In the Shade of the Meme Tree
Before the internet inundated us with everything everywhere all at once, our primary information network was rooted in telephones — first voice calls, then text messages, then photographs. This spanned from sharing general information (things going on around town, national news) to sharing hot personal deets (spotting someone’s ex in town, pretending to be sick to cancel plans).
For the latter share, this meant that delivering a scoop of sweet, sweet gossip inevitably led to you laying belly-down on your bed, phone pressed against your ear, legs kicking with glee. The person you told would then make a similar juicy call, the next person would do the same, and onward the branches would grow, widening as the news spread, while you sat wrapped in a cozy blanket, gazing smugly into the distance.

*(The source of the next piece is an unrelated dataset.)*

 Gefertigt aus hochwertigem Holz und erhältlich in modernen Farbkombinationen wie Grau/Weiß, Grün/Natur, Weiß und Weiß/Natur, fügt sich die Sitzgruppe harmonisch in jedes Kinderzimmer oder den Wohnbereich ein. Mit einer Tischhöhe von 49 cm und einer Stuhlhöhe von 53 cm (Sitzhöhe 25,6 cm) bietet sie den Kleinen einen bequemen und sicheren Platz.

We still get to hold the seeds of our personal tea, deciding where to sow them and watching (sometimes in panicked horror) as they grow, but we now rely on the internet for all other news. While some may bemoan the loss of personal connection that comes with being a leaf among leaves in a phone tree, I think that the internet gives us bountiful opportunities to connect in new ways, one of the best ways being through memes.

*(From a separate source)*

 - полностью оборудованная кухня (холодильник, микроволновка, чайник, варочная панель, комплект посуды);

Hear me out! A meme’s life begins as a non-event, as it sprouts into the world unnoticed. But then, it catches someone’s eye. Something about this little piece of media holds infinite dimensions of relatability, and it is plucked from its sleepy little hole in the dirt and re-planted into a digital greenhouse where it is watered and fertilized and trimmed and grafted by the entire world wide web. While it’s in its season it is shared millions of times, with endless new twists. Users across the globe become connected by this one recognizable image, sharing it as-is with their friends or pruning it with their own spin before sending it along. When a meme’s season ends (and some never end), it is added to the rich, dynamic compost that nourishes evergreen nostalgia. Bringing up an old meme provides an opportunity to instantly relate with new people, giving memes the power to connect us in a way that general phone sharing never could!
We once thought trees stood independently, responsible only for themselves and affecting only those organisms that they directly interacted with. Before the internet, we saw ourselves in a similar light. But just as we now know that trees are tapped into each other through underground networks of mycelium, so too do we know that the internet has (digitally) amalgamated us across the planet (maybe soon the universe?), and with every meme instantly linking everyone who has ever interacted with it, I would venture to say that we are now more connected than ever. But that’s just my opinion, and I’m just a worm.